AttributeError: 'google.protobuf.pyext._message.FieldDescriptor' object has no attribute 'is_repeated'

In [23]:
with mlflow.start_run(run_name="model_1"):
    X = reg2[['x1']]
    y = reg2['y']
    X_train, X_test, y_train, y_test = train_test_split(X, y, test_size=0.2)

    model = LinearRegression()
    model.fit(X_train, y_train)
    y_pred = model.predict(X_test)

    mlflow.log_metric("mse", mean_squared_error(y_test, y_pred))
    mlflow.log_metric("r2", r2_score(y_test, y_pred))

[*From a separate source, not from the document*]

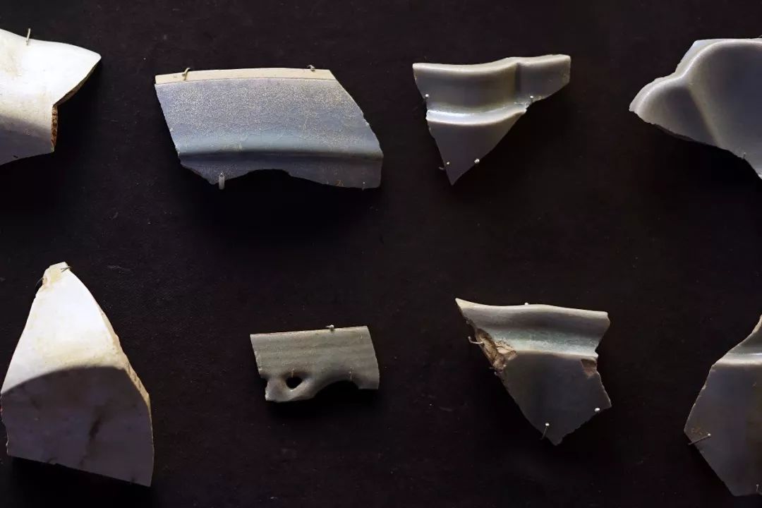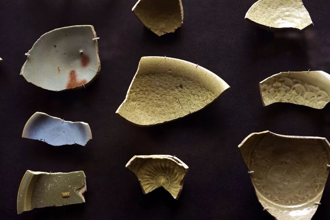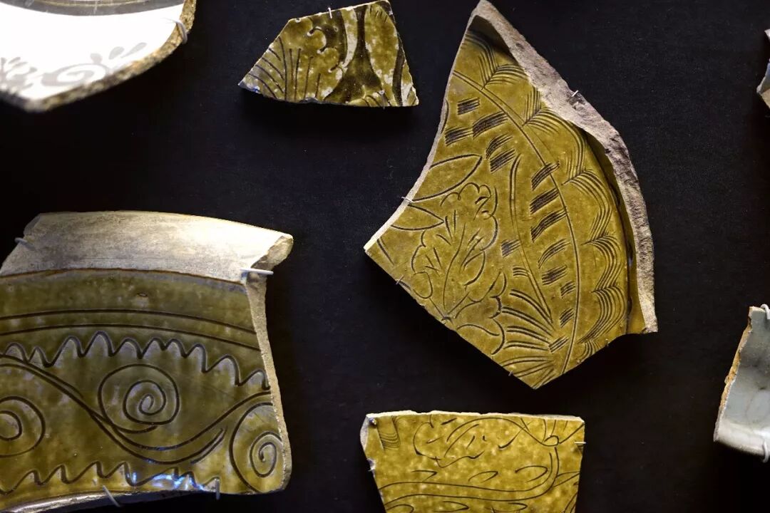 ▶ 上左及下左这三片标本,如不看胎足,与耀州窑无二。如果不是窑址采集,下右两块珍珠地标本单独拿出来,窑口更是神仙难断。

    mlflow.sklearn.log_model(
        sk_model=model,
        artifact_path="model_1",
        registered_model_name="model_1"
    )


AttributeError: 'google.protobuf.pyext._message.FieldDescriptor' object has no attribute 'is_repeated'

In [39]:
conda install protobuf=4.21.12

Retrieving notices: ...working... done
Channels:
 - defaults
 - pytorch
Platform: osx-arm64
Collecting package metadata (repodata.json): done
Solving environment: failed

PackagesNotFoundError: The following packages are not available from current channels:

  - protobuf=4.21.12*

Current channels:

  - defaults
  - https://conda.anaconda.org/pytorch/osx-arm64

To search for alternate channels that may provide the conda package you're
looking for, navigate to

    https://anaconda.org

and use the search bar at the top of the page.



Note: you may need to restart the kernel to use updated packages.